Generate functions for doing fact IO

Question

Generate functions for doing fact IO

luc-tielen opened this issue 3 years ago · 1 comments

Right now, the compiler only generates function for running the actual Datalog program.
There is however no way to get data in or out of the system.

Some ways this could be done (this should be done at the EIR level):

Register (de-)serialization in a (global) registry, nested inside the program struct.
Generate a add_facts / get_facts function that does a switch based on a constant representing the fact type, e.g.:

typedef enum { 
    edge, 
    path 
    // more cases as needed..
} fact_type;

void eclair_add_edge_facts(void* memory, size_t count);
void eclair_add_path_facts(void* memory, size_t count);

void eclair_add_facts(fact_type type, void* memory, size_t fact_count) {
    switch (type) {
        case edge: eclair_add_edge_facts(memory, fact_count);
        case path: eclair_add_path_facts(memory, fact_count);
        // more cases as needed...
    }
}

// NOTE: the return type would signify how many facts are actually read
// NOTE 2: how to deal with insufficient memory? different type signature needed!
size_t eclair_get_facts(fact_type type, void* memory, size_t num_bytes) {
    switch (type) {
        case edge: 
            return eclair_get_edge_facts(memory, num_bytes);
        case path: 
            return eclair_get_path_facts(memory, num_bytes);
        // more cases as needed...
    }
}

Answer 1 · 2022-04-23T17:10:33.000Z

Did some investigation how WASM does IO with JS. If arrays are used, they all need to be of the same type, e.g. Uint32Array. Arrays can be returned directly from WASM, but they do need to be freed at some point. This probably means a low level unsafe interface to eclair needs to be exposed. On top of that unsafe low level layer, an easy to use layer can be build on top of it.

The API could look like this:

// NOTE: this function mallocs, so needs to be freed!
// NOTE 2: array size is retrieved via btree_size!
uint32_t* eclair_get_facts(eclair_program*, fact_type type);

void eclair_add_facts(eclair_program*, fact_type, uint32_t* data, size_t fact_count);
void eclair_add_fact(eclair_program*, fact_type, uint32_t* data);  // same as eclair_add_facts, but the data contains only values for 1 record.

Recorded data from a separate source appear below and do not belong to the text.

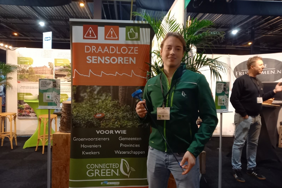 ConnectedGreen, Maurits Krijnsen: 'Iedereen die professioneel met irrigatie bezig is, willen we van de oude manier van werken over laten gaan op onze nieuwe manier van werken. Nu willen we een totaaloplossing bieden. Dus: ondersteuning over waar je de sensoren precies moet plaatsen en hoeveel sensoren heb je nodig. Vervolgens adviseren we bij de installatie van de sensoren en zorgen ervoor dat ze gecalibreerd worden. Daarna uitlezen van de data en hulp bij de stap van data naar praktisch inzicht en geld besparen.
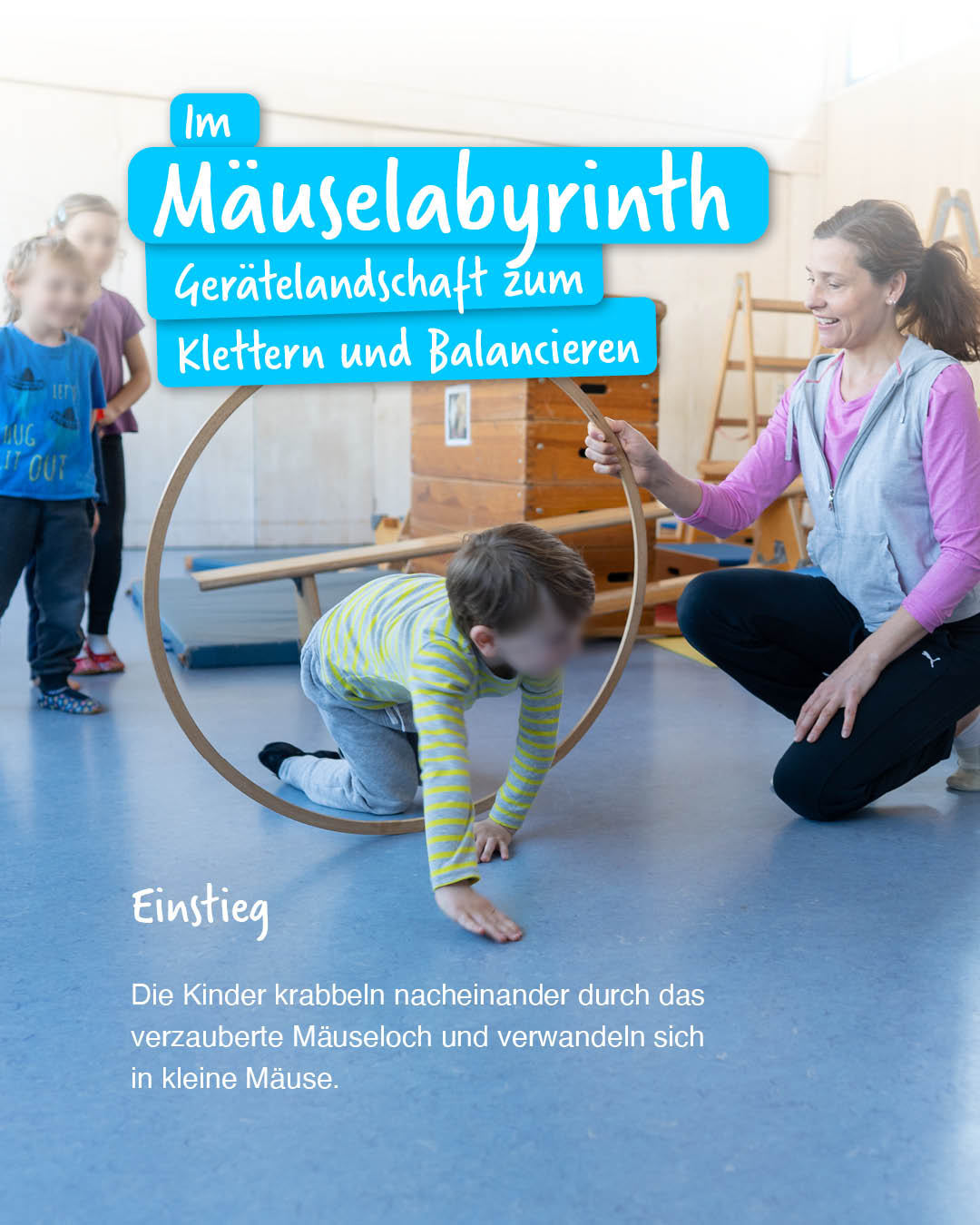 Wie kommen flinke Mäuse in einem Labyrinth aus Leitern, schiefen Ebenen und Turnkästen an ihr Futter? In diesem Parcours verwandeln sich die Kinder in Mäuse und überwinden große und kleine Hindernisse.
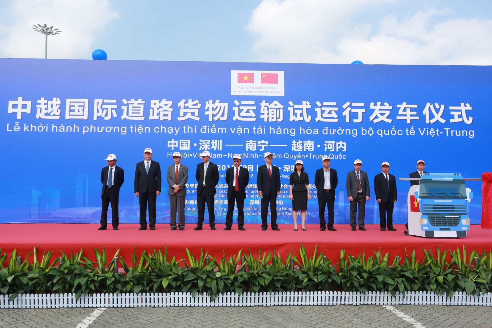 9月19日,中越国际道路货运试运行发车仪式在深圳华南国际物流中心举行。交通运输部总工程师周伟、越南交通运输部国家公路总局副总局长潘氏秋贤、广东省人民政府副秘书长钟旋辉,深圳市人民政府副秘书长徐松明出席启动仪式并讲话。
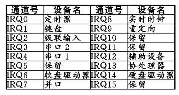 表表示了中断控制器和各个中断通道号对应的外部设备。
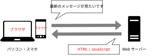 このとき、Web サーバーがブラウザに対して送り返すデータは、HTML や JavaScript といったプログラミング言語で記述されています。 ブラウザは、この HTML や JavaScript を解釈することにより、ウェブサイトを表示しています。

This can also work with strings (and potentially ADTs as well?), by requiring the symbol table to be manually used (both for reading and writing strings in facts). This would only happen in the unsafe API and could be done automatically in the higher level API.

Benefits of this approach:

Straight forward to build this API, if we know the size of the relation, we know how much to allocate all at once.
The compiler could generate some helper code for this, or this could be provided in the form of a library.

Cons:

It is possible to misuse the lower level, unsafe API and will require a user-friendly layer build on top. (Both in C and JS.)